PROVIDED ENTRIES section start
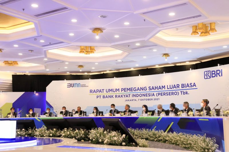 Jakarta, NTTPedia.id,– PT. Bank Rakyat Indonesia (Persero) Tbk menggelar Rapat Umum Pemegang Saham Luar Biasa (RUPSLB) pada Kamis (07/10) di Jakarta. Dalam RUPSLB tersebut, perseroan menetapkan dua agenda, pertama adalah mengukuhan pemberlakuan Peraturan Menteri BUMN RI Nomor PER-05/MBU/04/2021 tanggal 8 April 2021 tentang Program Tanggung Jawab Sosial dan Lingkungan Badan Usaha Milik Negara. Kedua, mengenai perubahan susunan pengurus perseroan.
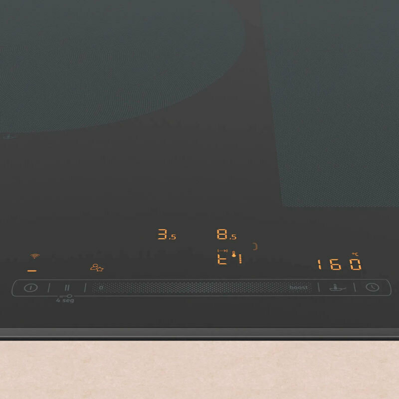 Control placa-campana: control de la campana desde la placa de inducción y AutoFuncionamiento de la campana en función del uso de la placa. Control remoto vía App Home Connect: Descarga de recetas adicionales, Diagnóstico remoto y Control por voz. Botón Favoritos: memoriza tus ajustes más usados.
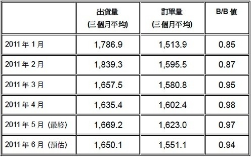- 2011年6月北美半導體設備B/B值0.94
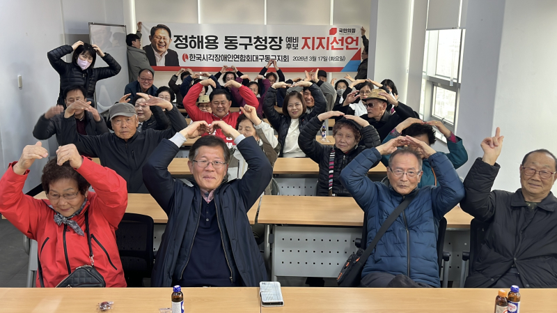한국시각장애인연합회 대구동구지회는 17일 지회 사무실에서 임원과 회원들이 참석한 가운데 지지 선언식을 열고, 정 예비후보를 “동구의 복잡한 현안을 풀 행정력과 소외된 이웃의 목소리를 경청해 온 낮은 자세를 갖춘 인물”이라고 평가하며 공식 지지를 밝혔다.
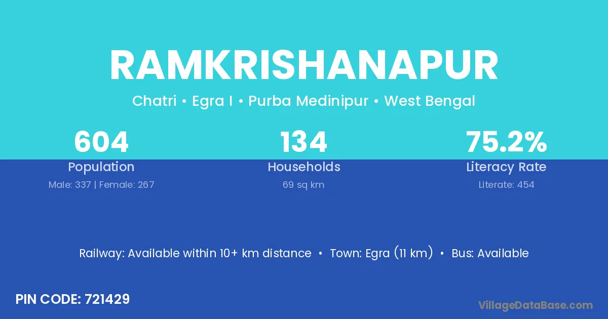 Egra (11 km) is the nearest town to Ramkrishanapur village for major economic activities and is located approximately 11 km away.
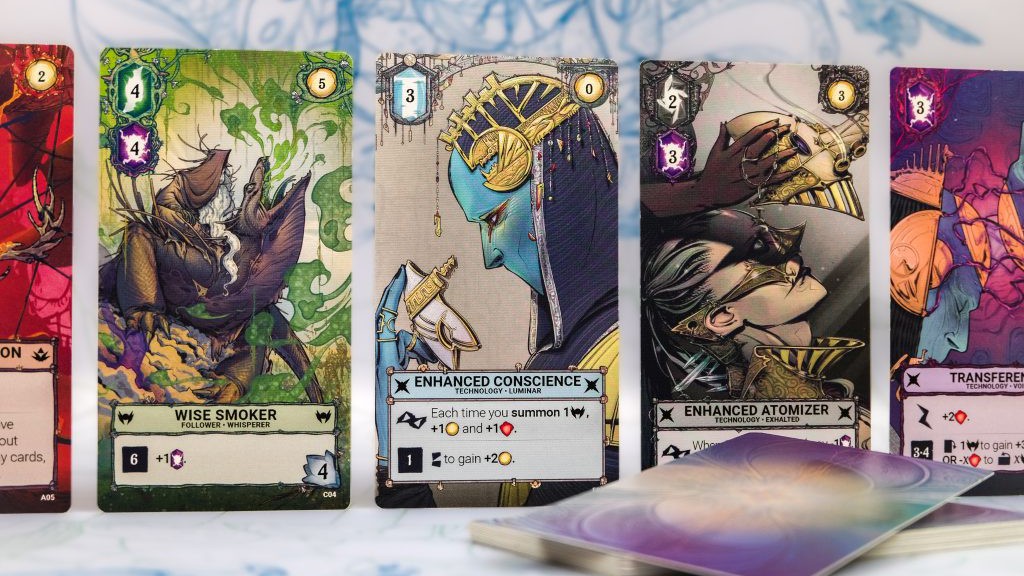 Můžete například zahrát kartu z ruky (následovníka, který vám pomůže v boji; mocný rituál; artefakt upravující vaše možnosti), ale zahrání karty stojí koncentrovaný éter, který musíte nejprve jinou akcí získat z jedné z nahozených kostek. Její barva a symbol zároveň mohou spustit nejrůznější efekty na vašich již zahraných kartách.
PROVIDED ENTRIES section end
> [ASSIGNED TASK]
The expected output is an exact retyping of the lines from the line with "한국시각장애인연합회 대구동구지회는 17일" through the last line of the data, with both ends kept and the pictures dropped.

> [TASK RESULT]
한국시각장애인연합회 대구동구지회는 17일 지회 사무실에서 임원과 회원들이 참석한 가운데 지지 선언식을 열고, 정 예비후보를 “동구의 복잡한 현안을 풀 행정력과 소외된 이웃의 목소리를 경청해 온 낮은 자세를 갖춘 인물”이라고 평가하며 공식 지지를 밝혔다.
 Egra (11 km) is the nearest town to Ramkrishanapur village for major economic activities and is located approximately 11 km away.
 Můžete například zahrát kartu z ruky (následovníka, který vám pomůže v boji; mocný rituál; artefakt upravující vaše možnosti), ale zahrání karty stojí koncentrovaný éter, který musíte nejprve jinou akcí získat z jedné z nahozených kostek. Její barva a symbol zároveň mohou spustit nejrůznější efekty na vašich již zahraných kartách.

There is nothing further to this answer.